I'm having a similar problem: youtube-dl don't download just requested subtitles. Take a look at this example running:
$ youtube-dl --verbose --sub-lang "en,es" http://www.ted.com/talks/lang/es/john_hodgman_s_brief_digression[debug] System config: []
[debug] User config: []
[debug] Command-line args: [u'--restrict-filenames', u'--retries', u'50', u'--continue', u'--verbose', u'--sub-lang', u'en,es', u'http://www.ted.com/talks/lang/es/john_hodgman_s_brief_digression']
[debug] Encodings: locale UTF-8, fs UTF-8, out UTF-8, pref UTF-8
[debug] youtube-dl version 2015.08.09
[debug] Git HEAD: 9f3da13
[debug] Python version 2.7.6 - Linux-3.13.0-57-generic-x86_64-with-Ubuntu-14.04-trusty
[debug] exe versions: avconv 9.18-6, avprobe 9.18-6
[debug] Proxy map: {}
[ted] john_hodgman_s_brief_digression: Downloading webpage
[ted] john_hodgman_s_brief_digression: Extracting information
[ted] john_hodgman_s_brief_digression: Downloading m3u8 information
WARNING: Your copy of avconv is outdated and unable to properly mux separate video and audio files, youtube-dl will download single file media. Update avconv to version 10-0 or newer to fix this.
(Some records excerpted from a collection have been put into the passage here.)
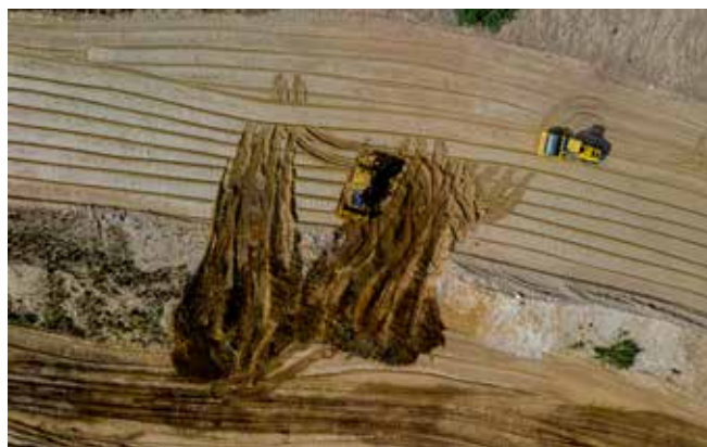
Contournement de Baraqueville par la RN88

Les autres mouvements présentés dans le tableau de variation correspondent à la variation de juste valeur de la catégorie « Actifs financiers, Concessions et PPP ».
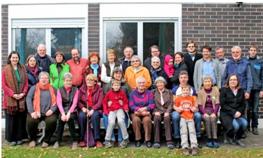
Die fröhlichen Teilnehmerinnen und Teilnehmer am Ende des Gemeindewochenendes im Februar 2015

17. bis 19. Februar 2017 Weinheim-Ritschweier
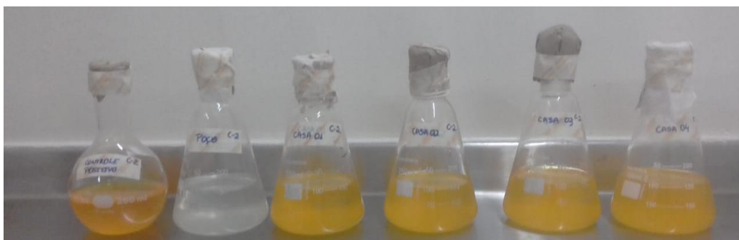
Figura 3. Resultado das análises para coliformes totais nas coletas do período de junho após o primeiro período de incubação.

2017, part. 9223b, p. 3). As amostras que permaneceram incolores após 48 h de incubação foram consideradas negativas para coliformes totais e coliformes termotolerantes, e as que apresentaram coloração amarelada foram invalidadas (American Public Health Association, 2017, part. 9223b, p. 3).
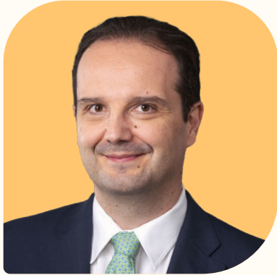
ADOLFO MENENDEZ SECRETARIAT ESTADOS UNIDOS
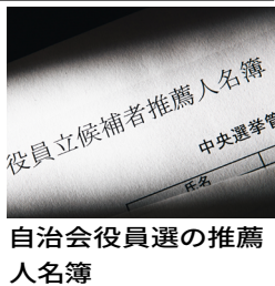
自治会役員選の推薦人名簿

昨年5月投票の自治会役員選を巡り浮上した、推薦人名簿の水増し疑惑。候補者自身に表計算ソフト「エクセル」で推薦人の氏名を入力させ「推薦署名」として扱うなど、不正を防げない選挙委の不備が露呈した。
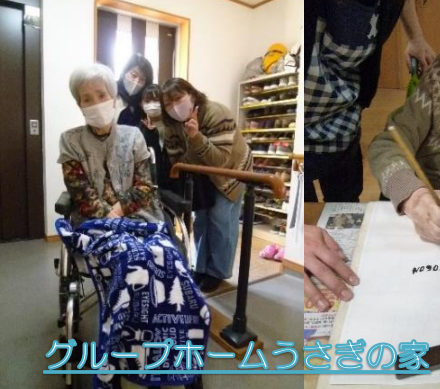
グループホームうさぎの家
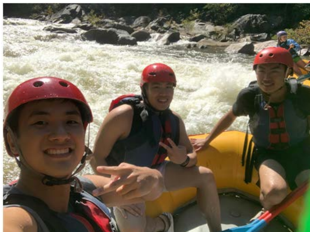
圖五：泛舟天氣非常好溫度剛剛好！
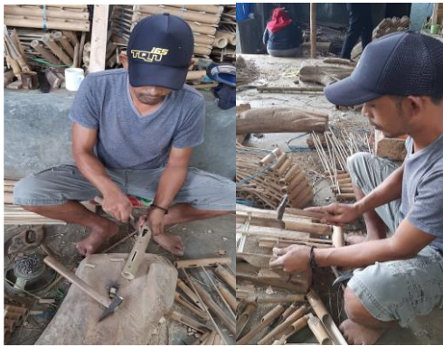
Gambar 7. Proses Melubangi dan Merangkai Angklung

Tabung suara angklung yang telah siap, kemudian dihaluskan menggunakan pisau raut dan amplas, lalu dilubangi di bagian atasnya menggunakan bor dan pisau. Di bagian lain tempat dudukan angklung juga dilakukan hal yang sama yaitu proses pelubangan. Jumlah lubang dudukan angklung disesuaikan dengan jumlah rangkaiannya tabung angklung dan galeger yang dibuat, bisa dua atau tiga lubang. Pada poses melubangi dudukan dan tabung angklung ini menggunakan berbagai alat seperti bor, pisau raut, dan gergaji. Setelah proses ini dilakukan barulah bagian-bagian angklung dapat dirangkai dengan cara ditempelkan keposisinya masing-masing.
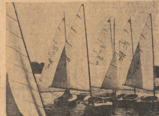
O invitație pentru timpul liber.
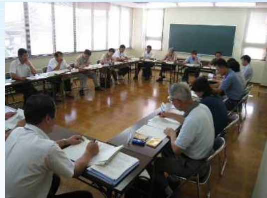
事務局担当者会議
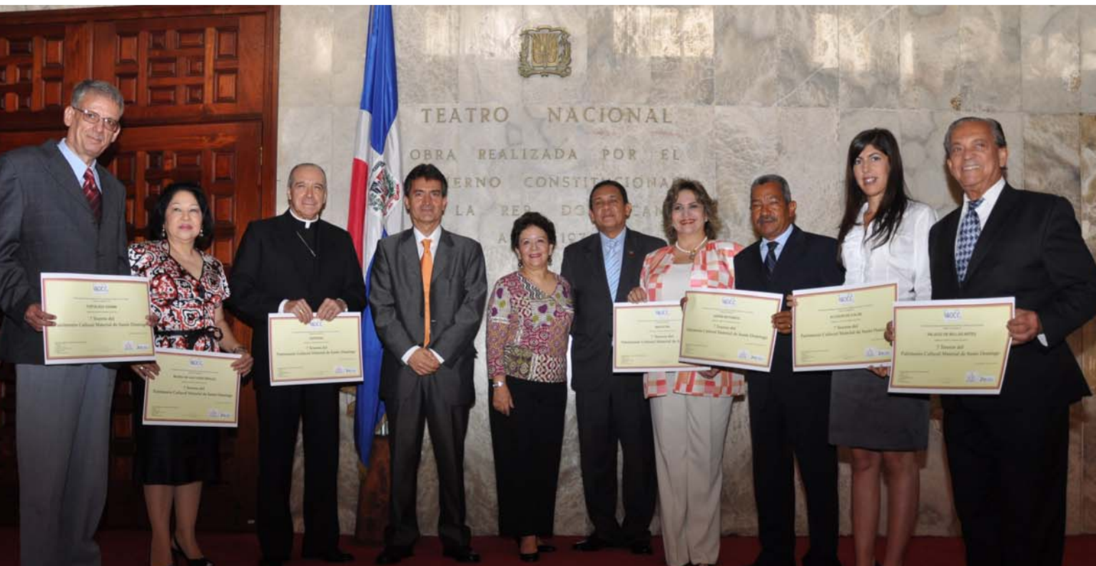
Cerimònia de lliurament dels diplomes als representants dels elements elegits com a tresor del patrimoni cultural de Santo Domingo celebrada al Teatre Nacional de la República Dominicana
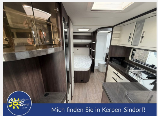
Mich finden Sie in Kerpen-Sindorf!
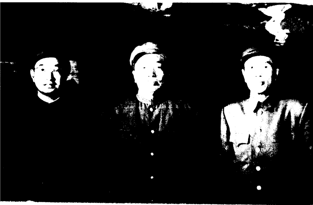
(二) 彭德怀司令员和陈赓、邓华副司令员在一起。
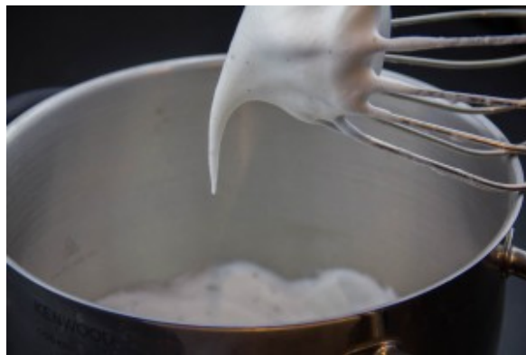
Montez les blancs en neige au fouet
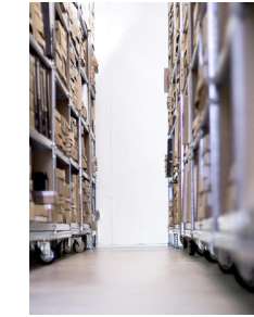
Abb. | Fig.: Die Schwarze Lade, 2018, Köln | Cologne

EXBODIMENT entsteht in Kollaboration mit BLACK KIT | DIE SCHWARZE LADE. Das lebendige, 1981 gegründete Archiv für internationale Performancekunst versteht sich als Impulsgeber in die Gegenwart. Es enthält ca. 4.000 Dossiers zu Künstler*innen der Performance-, Theater- und Sound-Art, 10.000 Fachpublikationen, Videos und Fotos unterschiedlicher Formate, Performance-Relikte und viele Regalmeter zu Netzwerken unterschiedlicher Kontinente.
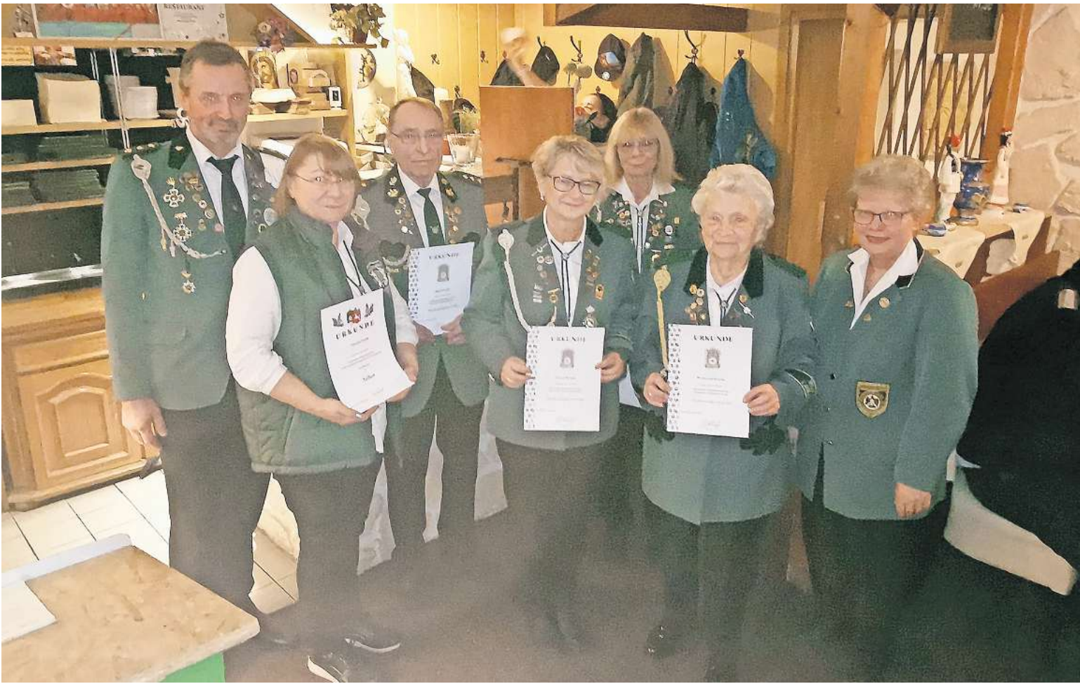
Der Schützenverein Resse ehrte auf seiner Jahreshauptversammlung langjährige Mitglieder.
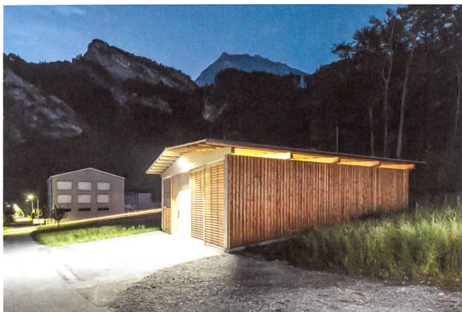
Das Holzkraftwerk von Fläsch. Architektur: Norbert Mathis
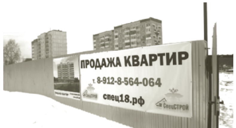
Потенциальный долгострой.
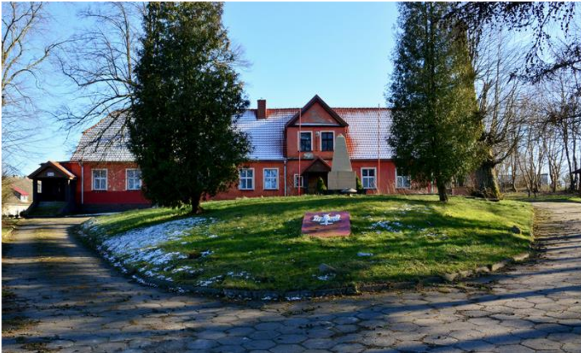
Rysunek 19. Park dworski w Wierzchowie (widok na podjazd do dworu)
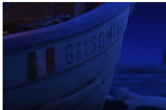
Fig. 8.5, La nave Gelsomina , Luca (2021)
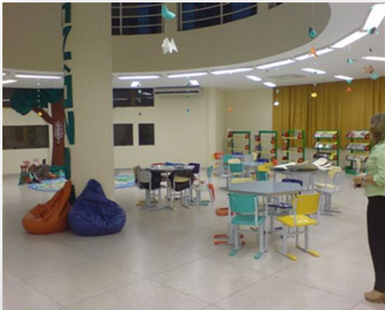
Colégio de Patamares - Salvador
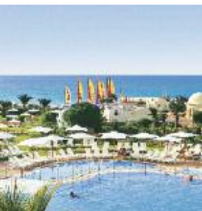
ALDIANA SO 2014 ab Seite 108 Code: FOLA 55210 X 2A AI

Preis p. P. DZ/AI 2 Wo. ab 1.579 € 1 Wo. ab 859 €
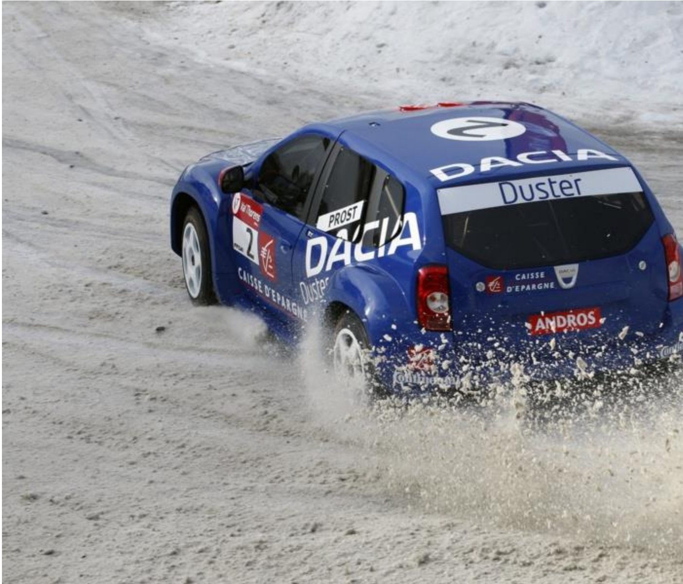
Dacia Duster au Trophée Andros
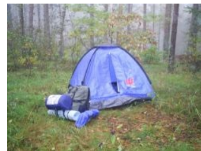
Вот мой дом родной.

Живут автостопщики только в своих палатках, поставленных в кустах на обочине трассы, и на вписках у таких же офтостопщеггов. Некоторые особи умудряются скооперироваться по двадцать человек и снимать однокомнатную квартиру, как настоящие среднеазиаты . Основная еда — это макаронны с тушёнкой , изготавливаемые на дешёвой китайской горелке, и конечно же, бомжпакеты , разведённые кипятком, выключенным в кафешках на стоянке. На вписках также популярны пельмени , поскольку дёшево и сердито.
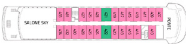
PONTE CAPO HORN AAA AAA Superior
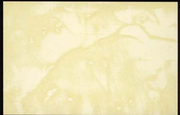
Marfil Marfim Ivory
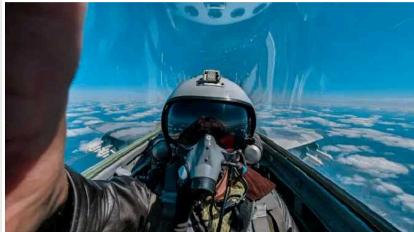
Олещук показав бойову роботу українських льотчиків по ворожих цілях

Українські льотчики активно працюють по ворожих цілях на суходолі та в повітрі, а з прибуттям у всі бригади західних літаків ця робота буде значно ефективнішою.
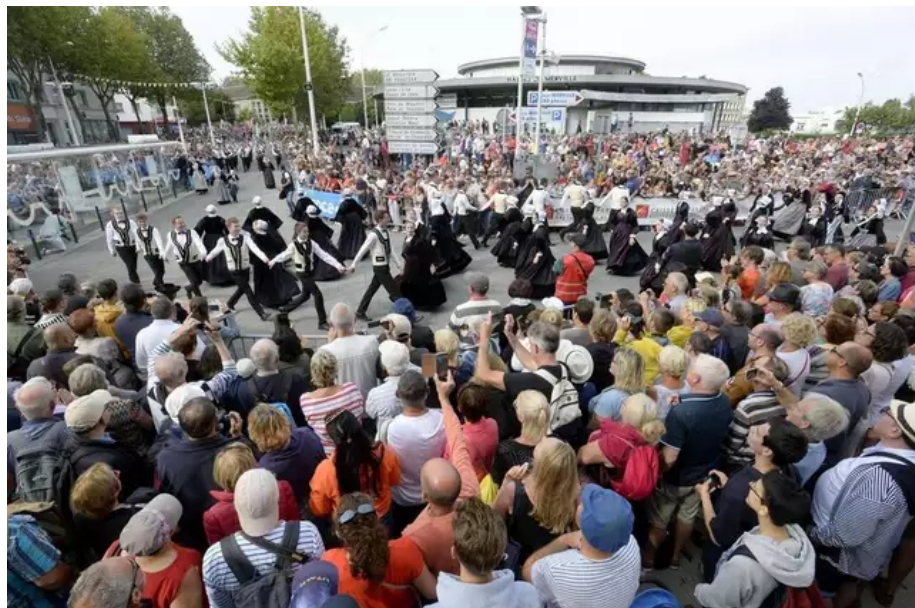
La foule s'amasse lors du passage de la Parade des nations celtes qui change de parcours.

Sur la dernière livraison d'informations, celle-ci est d'importance : la grande Parade des Nations celtes change de parcours. Le dimanche 7 août, à partir de 10 h, elle partira de l'Orient et retrouvera l'hyper-centre, comme dans ses premières années, le Cours de Chazelles, filera vers la place Alsace-Lorraine et rejoindra le stade du Moustoir pour son final (partie payante). À cent mètres près, la parade, captée par France Télévisions, est tout aussi longue. Installé sur l'espace public, le festival a l'habitude de muter au gré des changements urbains. « L'une des raisons est la rénovation de l'avenue de la Marne. Autre point : ce tracé coupe moins la ville en termes de circulation et favorise les transports en commun vers le site. »

[debug] Invoking downloader on u'http://download.ted.com/talks/JohnHodgman_2008-480p.mp4?apikey=489b859150fc58263f17110eeb44ed5fba4a3b22'
[download] Resuming download at byte 1865239
[download] Destination: John_Hodgman_-_Una_breve_digresi_n_sobre_asuntos_del_tiempo_perdido-374.mp4
[download] 2.9% of 110.46MiB at 98.36KiB/s ETA 18:36^C
ERROR: Interrupted by user
$
But if I list the subtitles, they appear:
$ youtube-dl --verbose --list-subs http://www.ted.com/talks/lang/es/john_hodgman_s_brief_digression
[debug] System config: []
[debug] User config: []
[debug] Command-line args: [u'--restrict-filenames', u'--retries', u'50', u'--continue', u'--verbose', u'--list-subs', u'http://www.ted.com/talks/lang/es/john_hodgman_s_brief_digression']
[debug] Encodings: locale UTF-8, fs UTF-8, out UTF-8, pref UTF-8
[debug] youtube-dl version 2015.08.09
[debug] Git HEAD: 9f3da13
[debug] Python version 2.7.6 - Linux-3.13.0-57-generic-x86_64-with-Ubuntu-14.04-trusty
[debug] exe versions: avconv 9.18-6, avprobe 9.18-6
[debug] Proxy map: {}
[ted] john_hodgman_s_brief_digression: Downloading webpage
[ted] john_hodgman_s_brief_digression: Extracting information
[ted] john_hodgman_s_brief_digression: Downloading m3u8 information
Available subtitles for 374:
Language formats
el srt, ted
en srt, ted
it srt, ted
ar srt, ted
pt-br srt, ted
cs srt, ted
es srt, ted
ru srt, ted
nl srt, ted
pt srt, ted
zh-tw srt, ted
tr srt, ted
zh-cn srt, ted
ro srt, ted
pl srt, ted
fr srt, ted
bg srt, ted
hr srt, ted
de srt, ted
hu srt, ted
ja srt, ted
he srt, ted
sr srt, ted
ko srt, ted
sv srt, ted
$
Thanks!
You need --write-sub
in addition to --sub-lang
. --sub-lang
just selects the ones to download. --all-subs
doesn't need --write-sub
.
@wiiaboo thanks a lot! It worked! I think it shouldn't be necessary to add that option, it doesn't make sense for me :)
There's another way to associate the language names with the codes by reading the page language selection. Example:
languages = {k: v for (v, k) in re.findall(r';([a-z]{2}[A-Z]{2})[^ ]+ data-language="([^"]+)', webpage)}
Is there any way for _get_subtitles or _extract_subtitles to know which languages were requested?
Problem
Using --sub-lang to request one or two subtitles from Crunchyroll doesn't just extract the requested subtitles, but instead extracts all of them, leading to big delays before starting the stream, whether you use
--all-subs
or just--sub-lang enUS
. In the case of sites where the subs just point to a certain URL, the extraction seems faster, so it's probably more of a problem for sites like Crunchyroll where you extract the full subtitles.Solution 1
At least for sites like Crunchyroll, just extract the requested languages.
Solution 2
Add an option that just extracts the requested languages?
I should probably also mention that this is mostly useful when you want to stream the resulting URL, like through mpv. When you're just using youtube-dl directly to download the video the time extracting the subs is probably not an issue either.